Work required
Please reproduce the listing verbatim, without its images.

Working data
# # # #

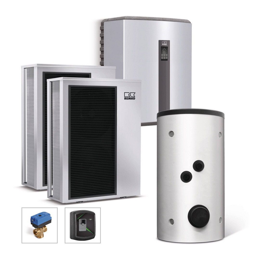 für Anwender mit hoher Heizleistung und hohem Warmwasser-Bedarf, neben Heizfunktion auch die Trinkwasserbereitung, Kühlfunktion, Trinkwasserbereitung mittels 500 l Pufferspeicher und elektronisch geregelter Frischwasserstation im hygienischen Durchflussverfahren, bivalent alternativ und monoenergetisch betriebene Systeme möglich, Pufferspeicher dient als hydraulische Weiche bei großen Druckverlusten im Heizkreis, bestehend aus Innenmodul mit REMKO Smart-Control Touch, 2x Außenmodul, Pufferspeicher für Kühl- und Heizwasser KPS 301 (300 l), Pufferspeicher für Trinkwasser HPS 500 (500 l), Smart-Serv, eingebauter Heizstab 9 kW, elektrisch geregelte Frischwasserstation EFS 21, 3-Wege-Umschaltventil
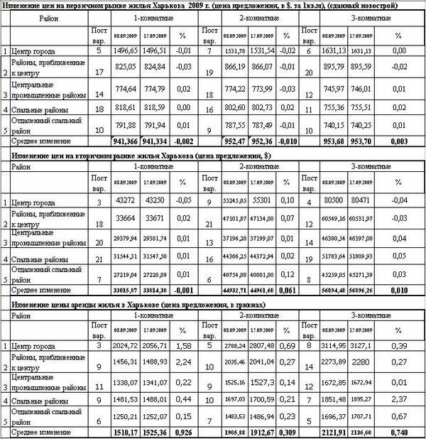 Таблица 1. Цены на жилье в Харькове на 15.09.2009. (*)
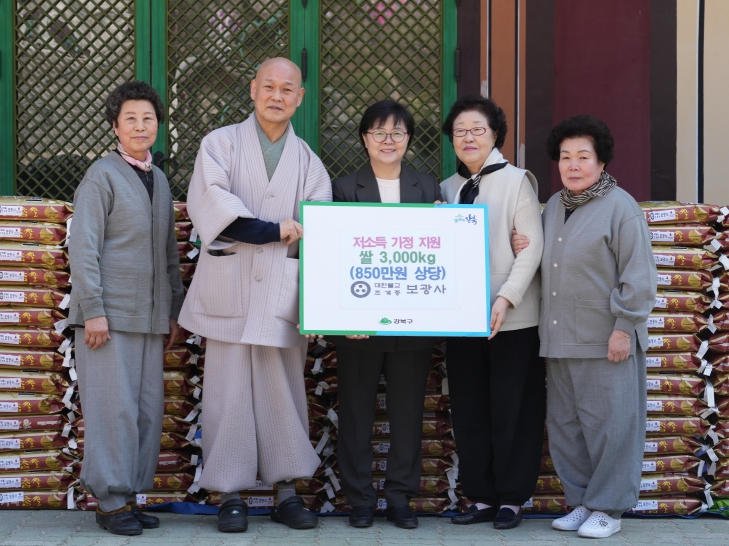 이순희 강북구청장은 “어려운 상황으로 힘든 관내 저소득 구민들을 위해 지속적인 나눔을 실천하고 있는 보광사에게 감사드리고, 사랑의 쌀은 저소득 가정들에게 잘 전달하겠다”고 말했다.
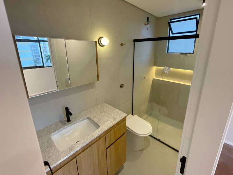 Banheiros (social e suíte) com nichos iluminados, marcenaria sob medida e louças e metais novos de alto padrão.
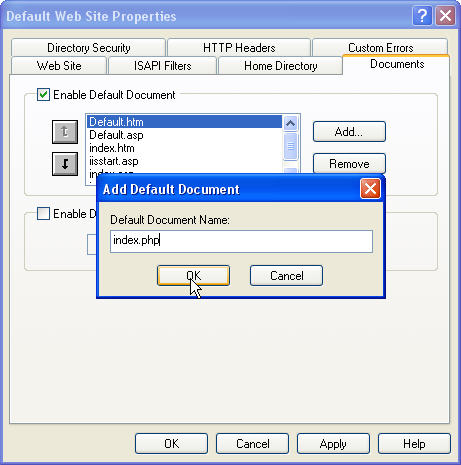 10 点击 文档 标签,再点 添加 按钮,在弹出的 添加默认文档 对话框中,填入index.php
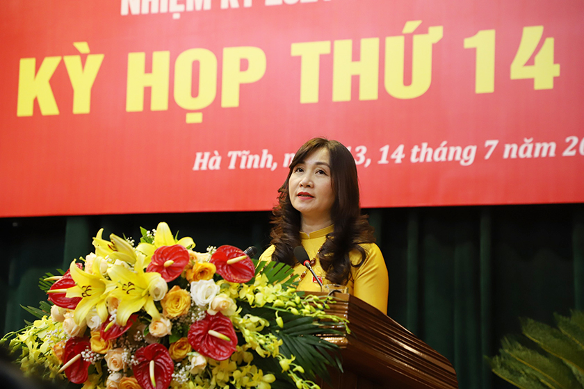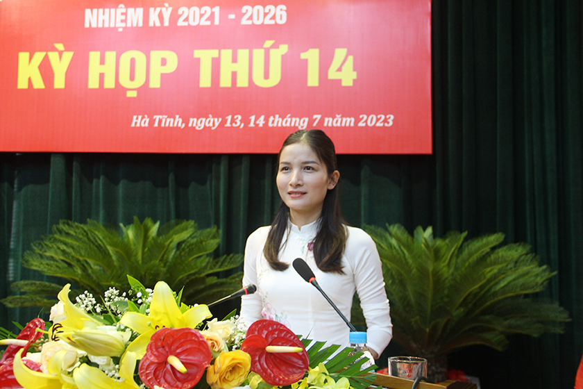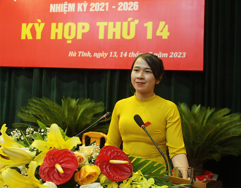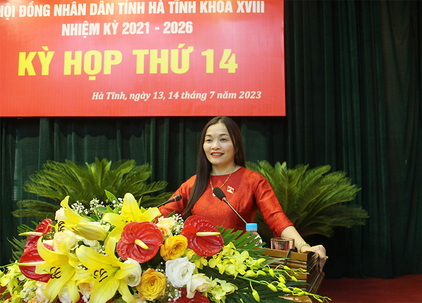 Phó Trưởng ban Thường trực Ban Tuyên giáo Tỉnh uỷ Nguyễn Thị Hà Tân (Tổ đại biểu HĐND tỉnh bầu tại huyện Can Lộc) bày tỏ sự đồng tình cao với các dự thảo nghị quyết được trình tại kỳ họp.
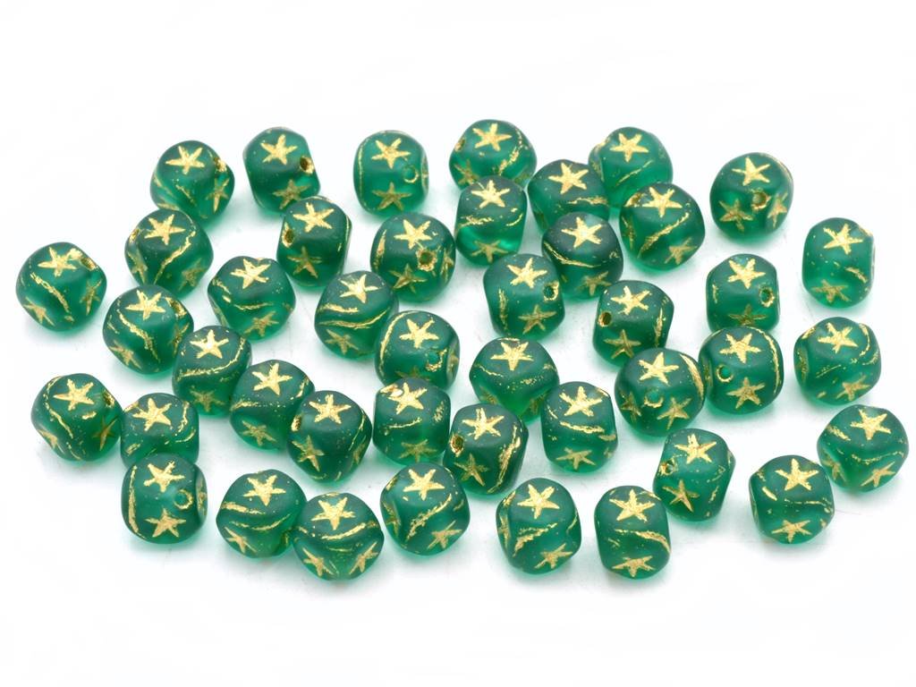 Czech glass beads in the shape of cube with relief of star, size 7 mm, package contents 30 pcs or is described below, color emerald matted with 54202 finish.
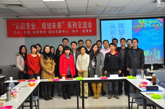 10月31日晚7点,由北航经管公司员工职业发展中心主办、北航经管公司经英荟承办的“认识专业、规划未来”系列交流会—博士生专场在新主楼1028成功举办。到场的嘉宾有利来国际陈向东教授、赵秋红教授,优秀员工张古鹏、邓婉君、王科、谢飞、黄帝以及2012级博士生。
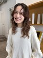 癖毛の方でももっと髪質を活かせる様に上からパーマを当てたミディアムパーマスタイル。大きめカールでゆるっとしたスタイルに、ムースなどのスタイリング剤でドライな質感で外国人風なヘアスタイルを楽しめます。
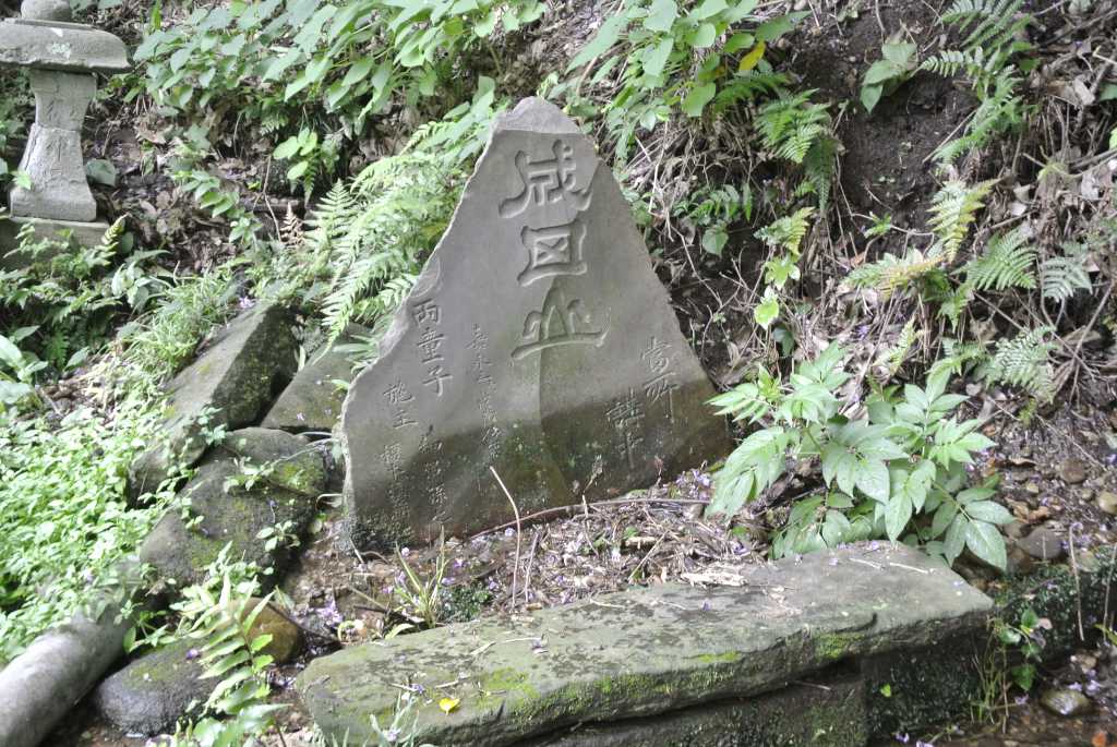 水場には三角形の「成田山」と彫られた石碑がありますが、もともとは違う形だったのが破損したように見えました。別のところから移設したようにも見えます。他にも祠や石像がありました。
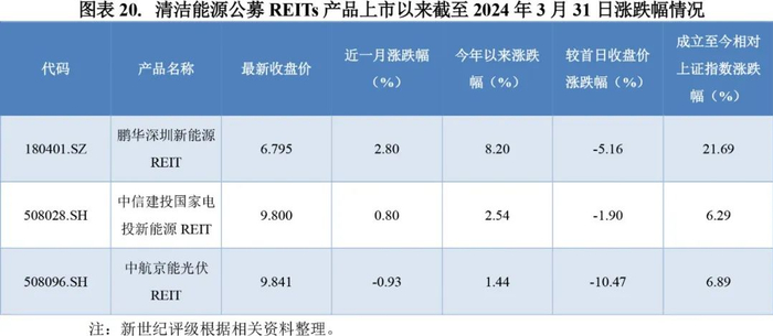 从产品收益率来看,截至2024年3月31日,3支清洁能源公募REITs产品相对于首日收盘价均有不同程度的跌幅,其中中航京能光伏REIT跌幅最大,为-10.47%。
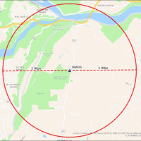 It's estimated that the maximum distance students would have walked to this school is 3 miles one way. The graphic shows the area from which students may have walked to this school.
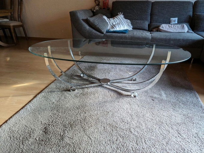 Sehr gut erhaltener Glastisch, platte aus Glas.
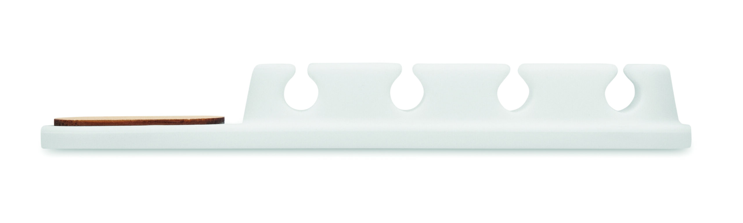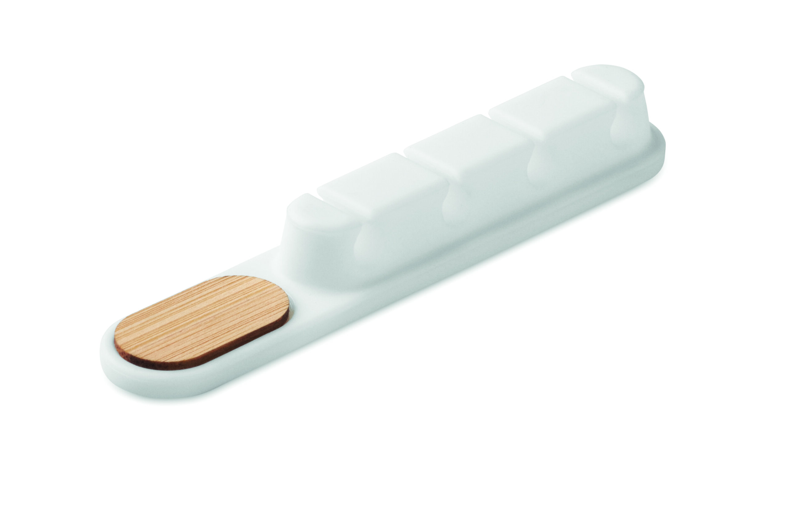 Silikonowy organizer kabli z detalami z naturalnego bambusa. Kompaktowa, owalna konstrukcja zapewnia porządek i bezpieczeństwo kabli.

# # # #

Result below
 für Anwender mit hoher Heizleistung und hohem Warmwasser-Bedarf, neben Heizfunktion auch die Trinkwasserbereitung, Kühlfunktion, Trinkwasserbereitung mittels 500 l Pufferspeicher und elektronisch geregelter Frischwasserstation im hygienischen Durchflussverfahren, bivalent alternativ und monoenergetisch betriebene Systeme möglich, Pufferspeicher dient als hydraulische Weiche bei großen Druckverlusten im Heizkreis, bestehend aus Innenmodul mit REMKO Smart-Control Touch, 2x Außenmodul, Pufferspeicher für Kühl- und Heizwasser KPS 301 (300 l), Pufferspeicher für Trinkwasser HPS 500 (500 l), Smart-Serv, eingebauter Heizstab 9 kW, elektrisch geregelte Frischwasserstation EFS 21, 3-Wege-Umschaltventil
 Таблица 1. Цены на жилье в Харькове на 15.09.2009. (*)
 이순희 강북구청장은 “어려운 상황으로 힘든 관내 저소득 구민들을 위해 지속적인 나눔을 실천하고 있는 보광사에게 감사드리고, 사랑의 쌀은 저소득 가정들에게 잘 전달하겠다”고 말했다.
 Banheiros (social e suíte) com nichos iluminados, marcenaria sob medida e louças e metais novos de alto padrão.
 10 点击 文档 标签,再点 添加 按钮,在弹出的 添加默认文档 对话框中,填入index.php
 Phó Trưởng ban Thường trực Ban Tuyên giáo Tỉnh uỷ Nguyễn Thị Hà Tân (Tổ đại biểu HĐND tỉnh bầu tại huyện Can Lộc) bày tỏ sự đồng tình cao với các dự thảo nghị quyết được trình tại kỳ họp.
 Czech glass beads in the shape of cube with relief of star, size 7 mm, package contents 30 pcs or is described below, color emerald matted with 54202 finish.
 10月31日晚7点,由北航经管公司员工职业发展中心主办、北航经管公司经英荟承办的“认识专业、规划未来”系列交流会—博士生专场在新主楼1028成功举办。到场的嘉宾有利来国际陈向东教授、赵秋红教授,优秀员工张古鹏、邓婉君、王科、谢飞、黄帝以及2012级博士生。
 癖毛の方でももっと髪質を活かせる様に上からパーマを当てたミディアムパーマスタイル。大きめカールでゆるっとしたスタイルに、ムースなどのスタイリング剤でドライな質感で外国人風なヘアスタイルを楽しめます。
 水場には三角形の「成田山」と彫られた石碑がありますが、もともとは違う形だったのが破損したように見えました。別のところから移設したようにも見えます。他にも祠や石像がありました。
 从产品收益率来看,截至2024年3月31日,3支清洁能源公募REITs产品相对于首日收盘价均有不同程度的跌幅,其中中航京能光伏REIT跌幅最大,为-10.47%。
 It's estimated that the maximum distance students would have walked to this school is 3 miles one way. The graphic shows the area from which students may have walked to this school.
 Sehr gut erhaltener Glastisch, platte aus Glas.
 Silikonowy organizer kabli z detalami z naturalnego bambusa. Kompaktowa, owalna konstrukcja zapewnia porządek i bezpieczeństwo kabli.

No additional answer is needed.